I do have to admit that the thought of kissing Walter Matthau full on the mouth is hardly appetizing.  Then again, Ann-Margaret is another story.  What the young among us probably don’t understand is that we old people think other old people are cute, sometimes downright good-looking. 

What is at issue for Caregivers and Carereceivers is how to keep romance alive when meals are often interrupted by bathroom duties and waste management is a routine activity, when arms and legs and stomachs have grown or the skin on them gathered into wrinkles.  How is it possible to get excited about one another when one is tired and annoyed by having to do everything for the other, and the other is tired and annoyed at being followed around and scolded every time there is some behavior the other one doesn’t appreciate? 

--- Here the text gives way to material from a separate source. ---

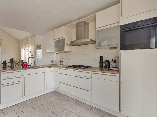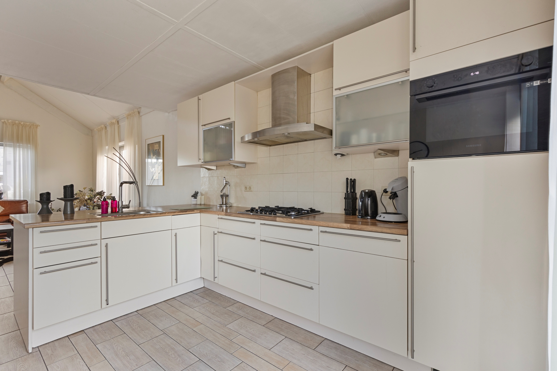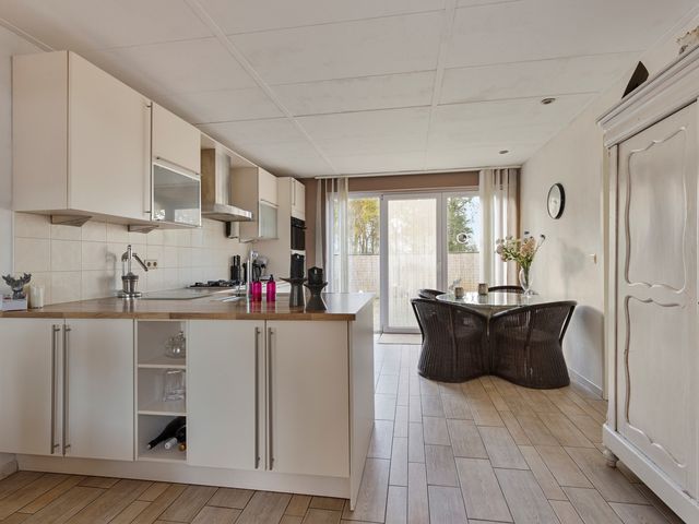 De open keuken ligt aan de achterzijde van de woning met toegang tot de achtertuin middels een loopdeur. De keuken biedt ruimte voor een eethoek met zicht op de tuin. De keuken is voorzien van een combimagnetron, vaatwasser, inbouwkoelkast, 5-pits gaskookplaat, rvs afzuigkap en rvs spoelbak.
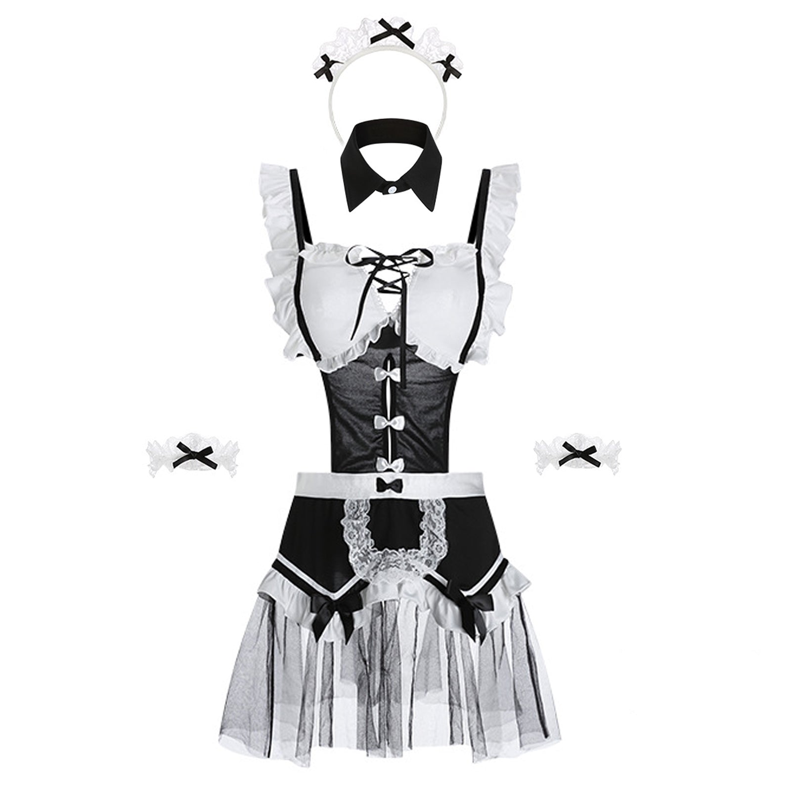 Design: Asrrss sexy maid cosplay lingerie featuring a mini dress, black ribbon lace-up detailing at bust, adjustable spaghetti straps with ruffled detailing, a hook and eye back closure, a black cut-out bodice with satin bow accents, a black mini skirt with a black tulle hem.

Now comes the real problem.  I have just asked the question.  How the heck am I supposed to answer it???? 

Let me start this way.  Mary Ann and I are in our mid-sixties.  When I look at her, I see the cutie whose engagement picture hangs on the wall of our bedroom.  Forty-four years has not stolen from me the feelings that drew me to her.  I would not presume to speak for her.  In fact, I might actually prefer not having her speak to this issue.  I can remember the feelings I had before we met, fell in love and married.  I remember the profound loneliness of being a young single fellow who sometimes felt deeply sad, not sure why.  Once Mary Ann entered my life, never again did those lonely, deeply sad feelings return.  While I don’t fear death, I do fear the return of those feelings, should she leave before me. 

How do Caregivers and Receivers experience romance?  First of all, we do!  Understand, romance is not just about body parts and orgasms and ejaculations.  In fact, those whose understanding of romantic love centers on the biological act of intercourse, have no hope of ever experiencing romance.  By the way, old people actually do know about the biology of conception.   Some of us have had children.  While I happen to have been a pastor at the time and am familiar with the Biblical account of the Virgin Birth, we had our children the usual way. 

I have read many emails from those who are caring for a spouse who has ceased to be the person they married.  They have only memories to draw on for those romantic feelings.  How can they find a way to express their love.   If love was just about body parts and couplings, there would only be sadness left for many. 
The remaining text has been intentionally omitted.